Not long ago, setting mosaic tile meant embedding each small piece in a mortar bed. Later developments, notably sheets of mosaic held together by paper adhered to their face, helped reduce installation time. These early face-mounted sheets, however, were difficult to line up.
Modern mosaics have taken improvements a step further. Each small mosaic tile is bonded to the sheet with plastic dots or on a plastic mesh, paper, or threaded backing.
You'll find mosaics in many colors and in squares, rectangles, random designs, and all forms of geometric figures. Most mosaic tiles are glass or high-fired porcelain, so they're impervious to moisture. Porcelains come with glazed surfaces for walls and with nonslip surfaces for floors.
If the style you've chosen is available only in dot-mounted sheets, make sure the dots are free of any residual manufacturing oil. This oil interferes with adhesive bonding. Check two or three sheets in each carton, wiping them with a paper towel.

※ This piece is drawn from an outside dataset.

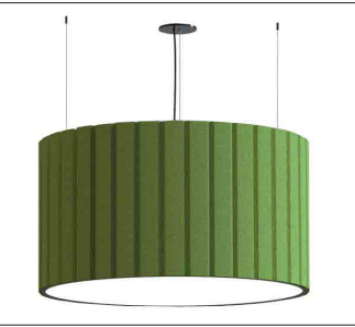
FV - FLUSH VCUT
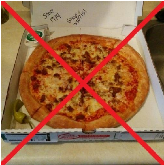
Incorrect angle (camera should be directly above the pizza).

If replacing a carton is not an alternative, either change your design or wash the back of each sheet with a mild detergent.

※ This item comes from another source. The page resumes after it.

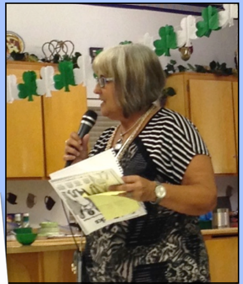
The most beautiful It must be the hair.

About five to six hours (not including grouting) for an 8x10-foot room
Chalk line, tape measure, carpenter's pencil, power drill, mixing paddle, notched trowel, beater block, rubber mallet, 4-foot metal straightedge
Measuring, setting tile
Remove existing flooring, repair or replace underlayment
Epoxy mortar, mosaic tile sheets
Set the corner of the first sheet just inside the corner of the layout lines. Square the sheet to the lines and embed the tiles firmly into the mortar with a beater block and rubber mallet. Make sure the entire surface of the sheet is level in the mortar -- mosaics show depressions dramatically.
Pull the sheet up and check it for full coverage. If some of the tiles show bare spots, apply more mortar. Lay the sheet face down on a clean surface and skim more mortar on the back. Recomb the mortar bed with a larger notched trowel and reset the sheet with the beater block.
Continue setting the tiles, using a metal straightedge to keep the edges straight. Wipe excess mortar from the surface of the tile with a damp (not wet) sponge. Make sure you remove all of the excess -- dried mortar is difficult to remove. Let the mortar set, then grout and clean the tiles.